Detection of Online Fake News Using N-Gram Analysis and Machine Learning Techniques

Hadeer Ahmed,Issa Traore,Sherif Saad
DOI: https://doi.org/10.1007/978-3-319-69155-8_9
2017-01-01
Abstract:Fake news is a phenomenon which is having a significant impact on our social life, in particular in the political world. Fake news detection is an emerging research area which is gaining interest but involved some challenges due to the limited amount of resources (i.e., datasets, published literature) available. We propose in this paper, a fake news detection model that use n-gram analysis and machine learning techniques. We investigate and compare two different features extraction techniques and six different machine classification techniques. Experimental evaluation yields the best performance using Term Frequency-Inverted Document Frequency (TF-IDF) as feature extraction technique, and Linear Support Vector Machine (LSVM) as a classifier, with an accuracy of 92%.

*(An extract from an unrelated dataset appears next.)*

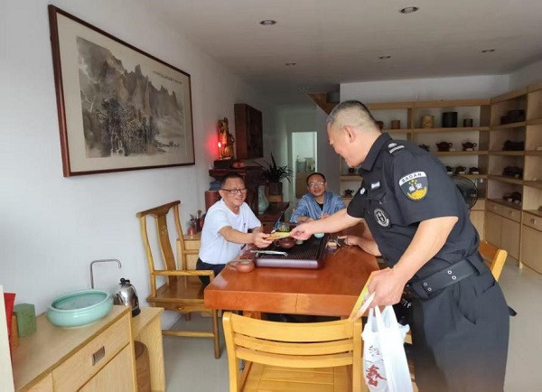 ▲鼎捷资产公司向物业租户发放消防安全宣传折页,开展安全倡议活动。(照片拍摄:谭艳虎)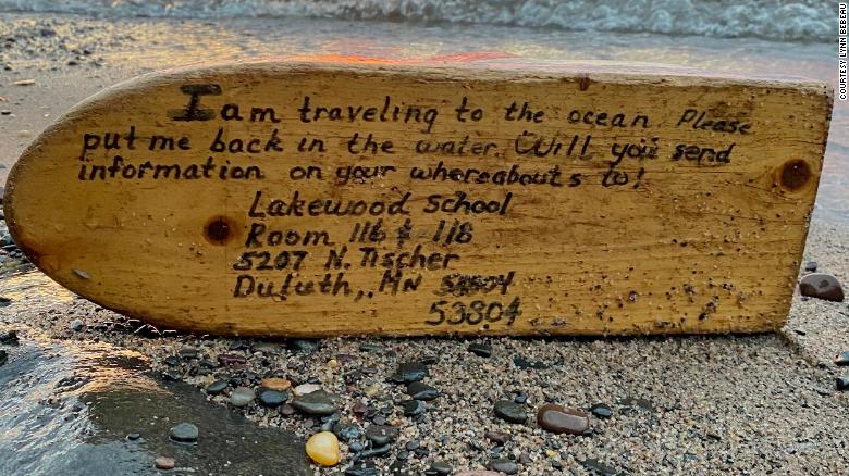 شبكة CNN الأمريكية قالت الجمعة، 16 أكتوبر/تشرين الأول 2020، إن قارباً صغيراً يحمل ألوان الأحمر والأبيض والأزرق عُثر عليه في منطقة نائية، وكان يحمل رسالة على قاعدته تقول: “أنا مسافر إلى المحيط، يرجى إعادتي إلى الماء، هلّا أرسلت معلومات عن موقعك إلى: Lakewood School Room 116 & 118 5207 N. Tischer Duluth, MN (رمز بريدي مكتوب) 53304”.

What problem does this paper attempt to address?
The problem that this paper attempts to solve is the detection of online fake news. Specifically, the authors focus on how to effectively distinguish real news from fake news by using n - gram analysis and machine - learning techniques. This problem has become particularly important in recent years, especially in the political field, because fake news has had a significant impact on social life, especially in the political world. Due to the limited available resources (such as data sets, published literature), fake news detection has become a challenging emerging research area. To meet this challenge, the authors propose a fake - news - detection model based on n - gram analysis and machine - learning techniques. They explore and compare two different feature - extraction techniques and six different machine - classification techniques, and finally find that when using term frequency - inverse document frequency (TF - IDF) as the feature - extraction technique and linear support vector machine (LSVM) as the classifier, the model performs best, with an accuracy rate of 92%. This shows that by rationally choosing the feature - extraction method and classification algorithm, the accuracy of fake - news detection can be effectively improved.